Patrick Kennedy To Scott Brown: Stop Using My Dad To Defend Your Position On Contraception

Sen. Scott Brown (R-MA) is continuing to joust with Democrats on the Obama administration’s contraception mandates on health insurance — and not just with his Democratic opponent, former White House financial reform adviser Elizabeth Warren. The latest Dem to step up to challenge Brown on the issue, the Boston Herald reports: Former Rep. Patrick Kennedy (D-RI), son of the late Sen. Ted Kennedy whose old seat Brown won in the January 2010 special election. The younger Kennedy’s demand: Stop invoking my dad’s name.

Brown’s answer: Nope.

Brown is a sponsor of the bill put forward by Sen. Roy Blunt (R-MO), to excuse employers and insurance companies from mandates with which they differ on an issue of moral conviction. Warren has in turn charged that the Republican bill would provide a loophole for an employer to deny many different kinds of health care coverage. Brown has denied the accusation, and said that the proposal is needed in order to protect religious freedom.

And along the way, Brown has invoked the name of Ted Kennedy. And last week, he expanded that usage to a new radio ad.

“Like Ted Kennedy before me, I support a conscience exemption in health care for Catholics and other people of faith,” Brown says in the radio ad. I believe it’s possible to provide people with access to the health care they want, while at the same time protecting the rights of Americans to follow their religious beliefs. For me, the conscience exemption is a matter of fundamental fairness – and a right to be protected for all Americans, of every party and every faith.”

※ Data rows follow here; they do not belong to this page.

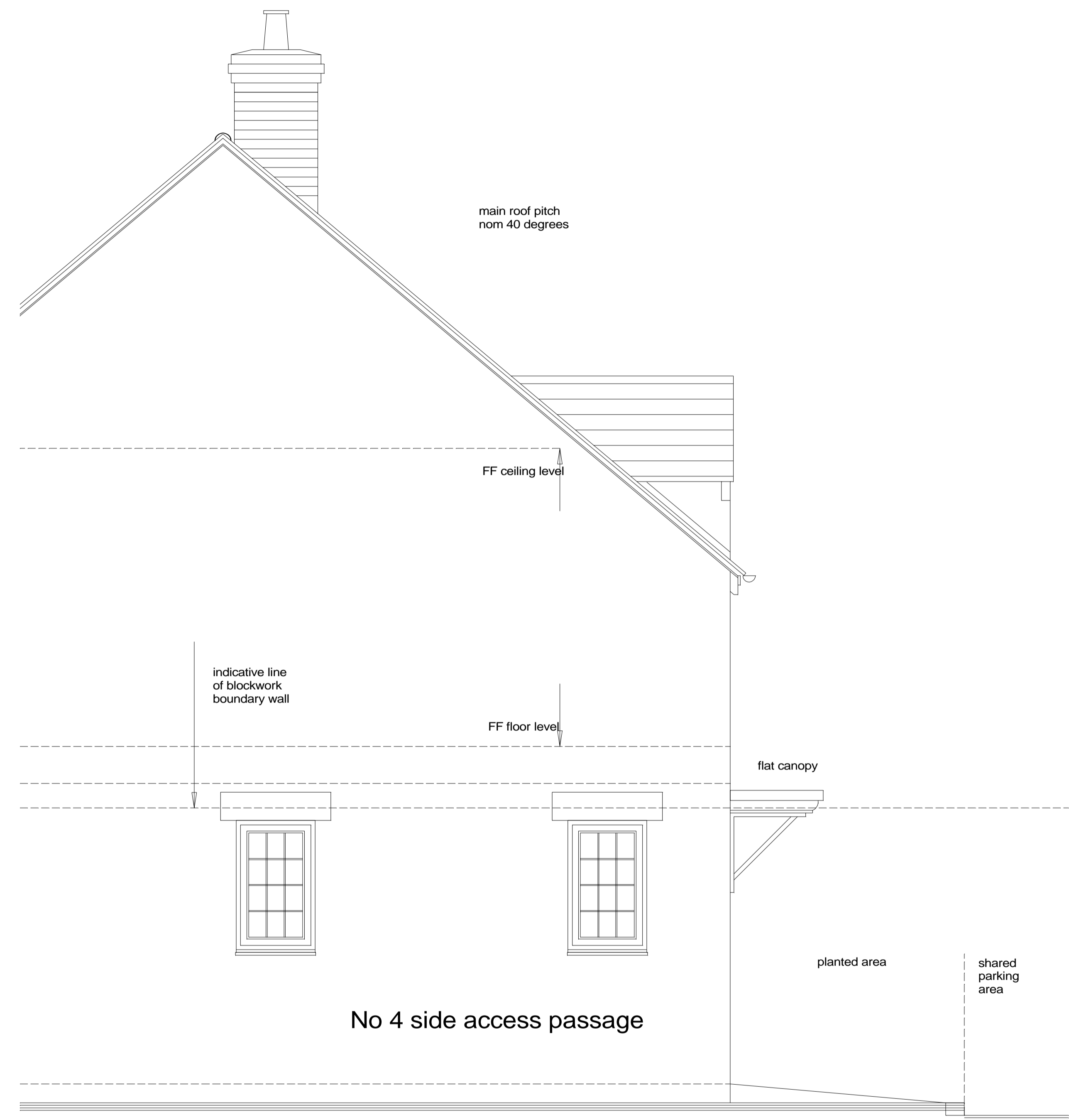
No 4 side access passage No 4 Millers Cottages Part Gable Elevation - see also dwg 102

Notes All dimensions must be checked on site & not scaled from this drawing
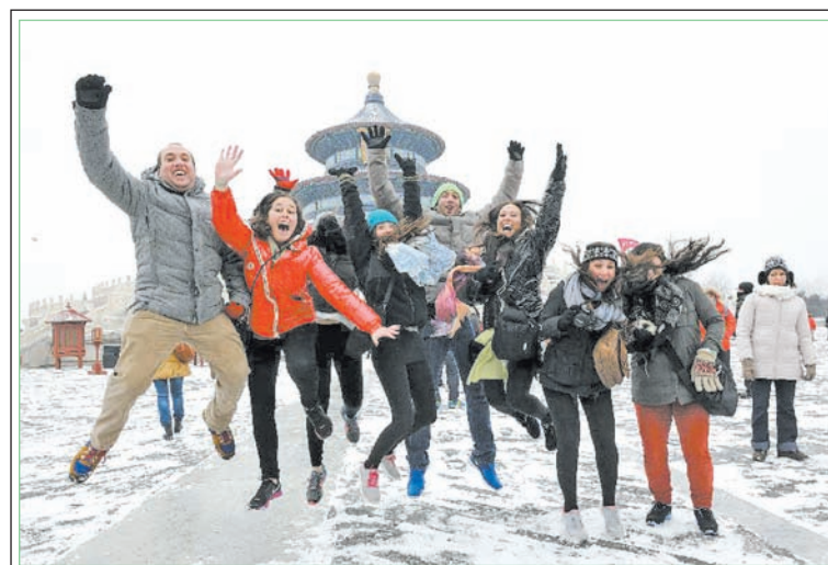
Foreign tourists pose for photo in front of the Hall of Prayer for Good Harvests in the Temple of Heaven in Beijing, capital of China, on 5 Feb, 2013.
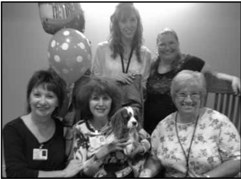
The Dover and Bolivar Activity team lunch, including Bella, the dog, celebrate together.
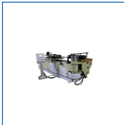
TWO AXES PIPE BENDING MACHINE
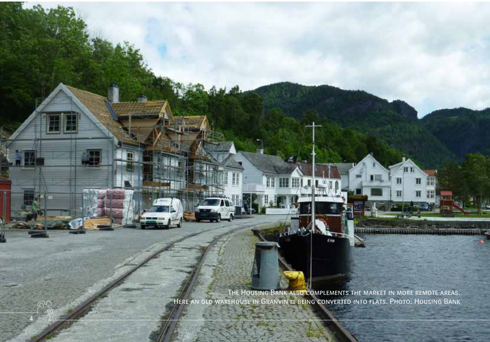
THE HOUSING BANK ALSO COMPLEMENTS THE MARKET IN MORE REMOTE AREAS. HERE AN OLD WAREHOUSE IN GRANVIN IS BEING CONVERTED INTO FLATS.

In recent years, the Housing Bank’s strategy has involved working very closely with municipalities and the construction industry in order to develop good housing solutions. This partnership has produced tangible results, and the vast majority of people now have good housing arrangements. However, some people still struggle to enter the housing market, and need help to find a suitable home. Complementing the market, to enable these people to find a suitable place to live, will remain the Housing Bank’s most important task within housing policy going forwards.
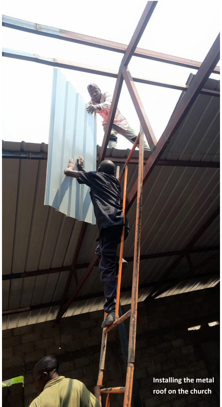
Installing the metal roof on the church
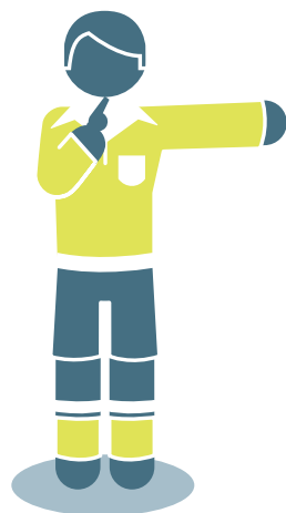
Direct free kick
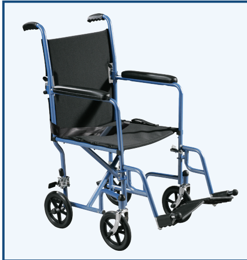
REF. TR37E-BV Shown

weight capacity TR37E: 300 lbs TR39E: 250 lbs
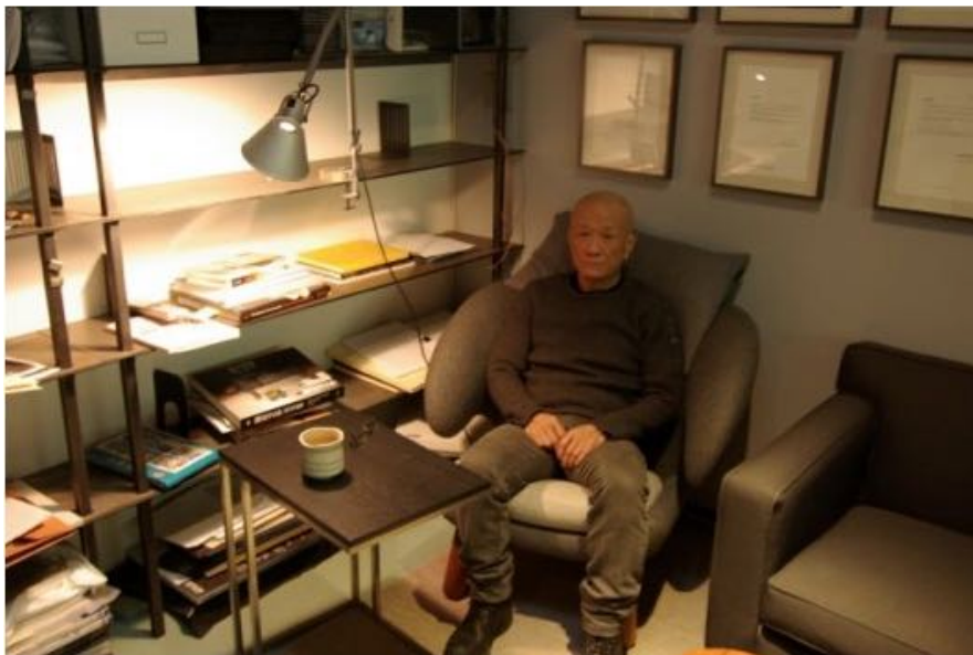
Tehching Hsieh at his studio, New York, 2015.

In 2009, 31 years after it was first undertaken in Hsieh's adopted city, the cage and documentation from "Cage Piece" were exhibited at the Museum of Modern Art. The same year, "Time Clock Piece" was featured as part of "The Third Mind: American Artists Contemplate Asia, 1860-1989" at the Solomon R. Guggenheim Museum. Further presentations of selected works have followed—but no retrospective, the form for which Hsieh envisions carefully.

Key quote from Patrick Kennedy’s letter, in which he asked Brown to take down the ad, explaining that his father’s support of a conscience exemption was meant for doctors and other care providers — not for employers and insurance companies:

My father believed that health care providers should be allowed a conscience exemption from performing any service that conflicted with their faith.  That’s what was in his 1995 law and what he referenced to the Pope.  That is completely different than the broad language of the Blunt Amendment that will allow any employer, or even an insurance company, to use vague moral objections as an excuse to refuse to provide health care coverage.  My father never would have supported this extreme legislation.

You are entitled to your own opinions, of course, but I ask that, moving forward, you do not confuse my father’s positions with your own.  I appreciate the past respect you have expressed for his legacy, but misstating his positions is no way to honor his life’s work.

But Brown is standing by his ad. A key quote from Brown’s response letter:

When your father told the Pope in his 2009 letter that he supported a conscience exemption for Catholics in health care, he did not mean to put himself on the opposite side of the church or to suggest that he would force them to accept a situation with which they could not abide. And yet, that is exactly the situation we are faced with today — despite a failed attempt at compromise, the church remains opposed to the federal government’s intrusion into the affairs of private conscience. I’d like to think your dad would have been working with me to find an accommodation that all sides found satisfactory. One thing I know he would not do is demagogue the issue, or inflame passions against the church, as Elizabeth Warren has done. It is simply wrong to set one group of Americans against another over religion.